> **STORED DATA**:
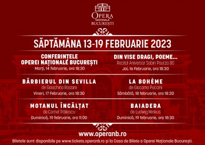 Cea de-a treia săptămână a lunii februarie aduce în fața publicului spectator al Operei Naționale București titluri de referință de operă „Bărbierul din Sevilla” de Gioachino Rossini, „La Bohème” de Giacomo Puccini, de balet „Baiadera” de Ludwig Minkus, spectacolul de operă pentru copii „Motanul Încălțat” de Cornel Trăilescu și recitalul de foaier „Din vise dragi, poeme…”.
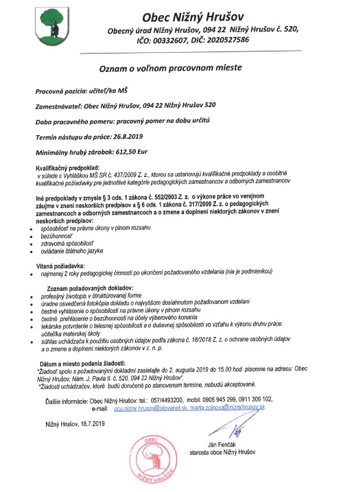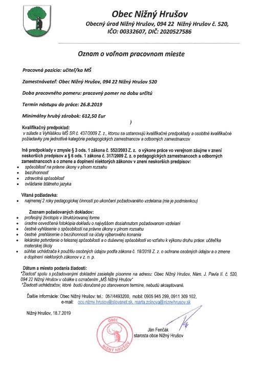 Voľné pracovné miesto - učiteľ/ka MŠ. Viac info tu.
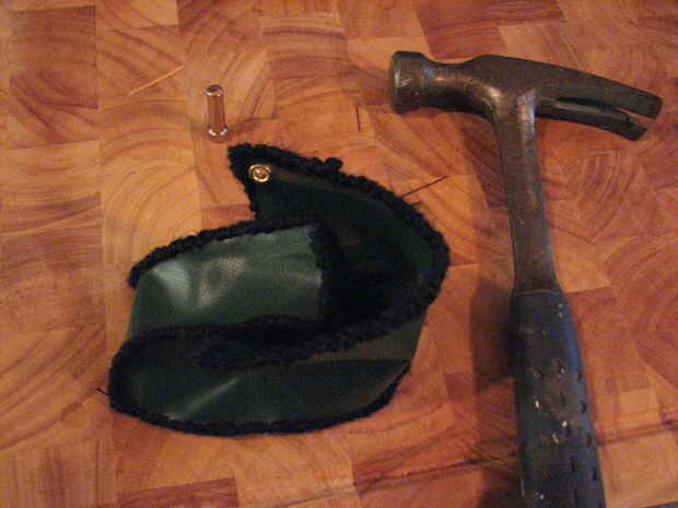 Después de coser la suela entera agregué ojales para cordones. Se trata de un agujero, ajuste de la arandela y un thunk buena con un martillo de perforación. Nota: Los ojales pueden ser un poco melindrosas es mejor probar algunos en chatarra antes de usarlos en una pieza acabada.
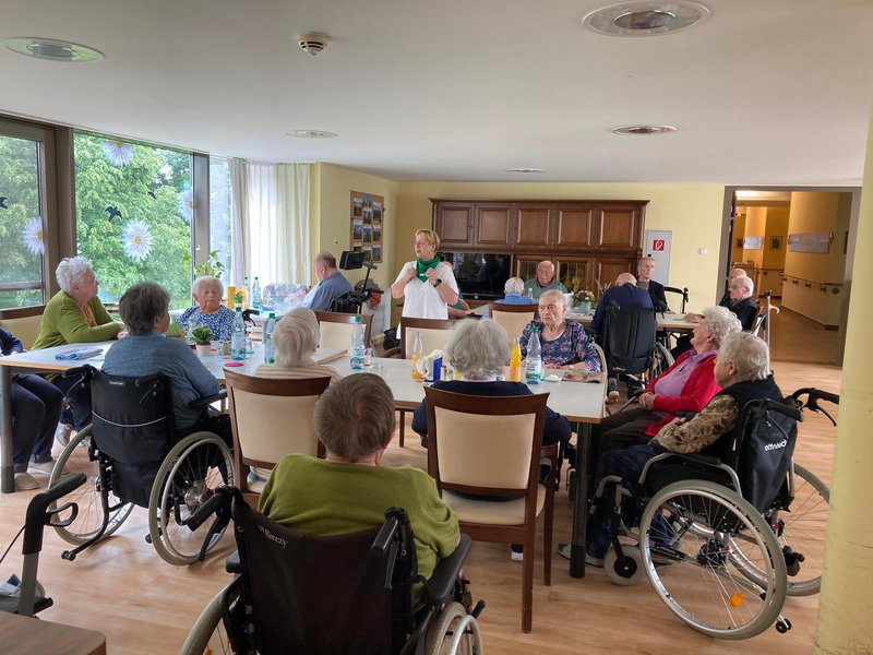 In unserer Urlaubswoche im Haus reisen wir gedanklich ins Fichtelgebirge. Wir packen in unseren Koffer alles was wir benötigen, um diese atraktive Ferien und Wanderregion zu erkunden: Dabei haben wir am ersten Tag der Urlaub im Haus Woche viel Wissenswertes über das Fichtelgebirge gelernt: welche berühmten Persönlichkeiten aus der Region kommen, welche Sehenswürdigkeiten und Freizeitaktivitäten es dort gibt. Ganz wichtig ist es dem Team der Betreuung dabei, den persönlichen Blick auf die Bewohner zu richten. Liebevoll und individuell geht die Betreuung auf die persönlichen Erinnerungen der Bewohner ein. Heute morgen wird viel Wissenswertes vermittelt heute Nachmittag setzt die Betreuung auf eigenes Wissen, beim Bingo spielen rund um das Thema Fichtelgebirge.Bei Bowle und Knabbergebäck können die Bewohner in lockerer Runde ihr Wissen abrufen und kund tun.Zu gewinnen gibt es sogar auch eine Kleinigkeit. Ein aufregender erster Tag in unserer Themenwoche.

> **THE TASK**:
Restate the whole listing exactly as written, minus the pictures.

> **RESPONSE BELOW**:
 Cea de-a treia săptămână a lunii februarie aduce în fața publicului spectator al Operei Naționale București titluri de referință de operă „Bărbierul din Sevilla” de Gioachino Rossini, „La Bohème” de Giacomo Puccini, de balet „Baiadera” de Ludwig Minkus, spectacolul de operă pentru copii „Motanul Încălțat” de Cornel Trăilescu și recitalul de foaier „Din vise dragi, poeme…”.
 Voľné pracovné miesto - učiteľ/ka MŠ. Viac info tu.
 Después de coser la suela entera agregué ojales para cordones. Se trata de un agujero, ajuste de la arandela y un thunk buena con un martillo de perforación. Nota: Los ojales pueden ser un poco melindrosas es mejor probar algunos en chatarra antes de usarlos en una pieza acabada.
 In unserer Urlaubswoche im Haus reisen wir gedanklich ins Fichtelgebirge. Wir packen in unseren Koffer alles was wir benötigen, um diese atraktive Ferien und Wanderregion zu erkunden: Dabei haben wir am ersten Tag der Urlaub im Haus Woche viel Wissenswertes über das Fichtelgebirge gelernt: welche berühmten Persönlichkeiten aus der Region kommen, welche Sehenswürdigkeiten und Freizeitaktivitäten es dort gibt. Ganz wichtig ist es dem Team der Betreuung dabei, den persönlichen Blick auf die Bewohner zu richten. Liebevoll und individuell geht die Betreuung auf die persönlichen Erinnerungen der Bewohner ein. Heute morgen wird viel Wissenswertes vermittelt heute Nachmittag setzt die Betreuung auf eigenes Wissen, beim Bingo spielen rund um das Thema Fichtelgebirge.Bei Bowle und Knabbergebäck können die Bewohner in lockerer Runde ihr Wissen abrufen und kund tun.Zu gewinnen gibt es sogar auch eine Kleinigkeit. Ein aufregender erster Tag in unserer Themenwoche.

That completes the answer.